Your instructions: Using the records below, write out again exactly the lines that begin at the line containing "若镍价回升至1.8万美元/吨" and end at the line containing "Midea 2024 Новый", and no other lines.

(Supplied information Opens)

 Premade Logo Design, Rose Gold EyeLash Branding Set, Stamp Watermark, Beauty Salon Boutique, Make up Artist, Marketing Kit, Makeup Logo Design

(Supplied information Closes)
(Supplied information Opens)

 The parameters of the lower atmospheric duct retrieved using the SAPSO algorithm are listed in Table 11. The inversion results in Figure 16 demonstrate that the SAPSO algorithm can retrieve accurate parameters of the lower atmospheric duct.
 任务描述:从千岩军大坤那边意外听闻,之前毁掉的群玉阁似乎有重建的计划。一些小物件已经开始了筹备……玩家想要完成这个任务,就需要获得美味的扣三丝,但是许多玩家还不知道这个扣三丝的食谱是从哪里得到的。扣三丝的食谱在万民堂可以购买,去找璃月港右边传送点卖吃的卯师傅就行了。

(Supplied information Closes)
(Supplied information Opens)

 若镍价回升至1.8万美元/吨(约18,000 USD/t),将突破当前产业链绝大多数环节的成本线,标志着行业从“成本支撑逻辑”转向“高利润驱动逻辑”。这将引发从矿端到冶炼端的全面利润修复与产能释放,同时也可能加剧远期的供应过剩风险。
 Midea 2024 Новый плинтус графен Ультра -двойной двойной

(Supplied information Closes)

Solved problem:
 若镍价回升至1.8万美元/吨(约18,000 USD/t),将突破当前产业链绝大多数环节的成本线,标志着行业从“成本支撑逻辑”转向“高利润驱动逻辑”。这将引发从矿端到冶炼端的全面利润修复与产能释放,同时也可能加剧远期的供应过剩风险。
 Midea 2024 Новый плинтус графен Ультра -двойной двойной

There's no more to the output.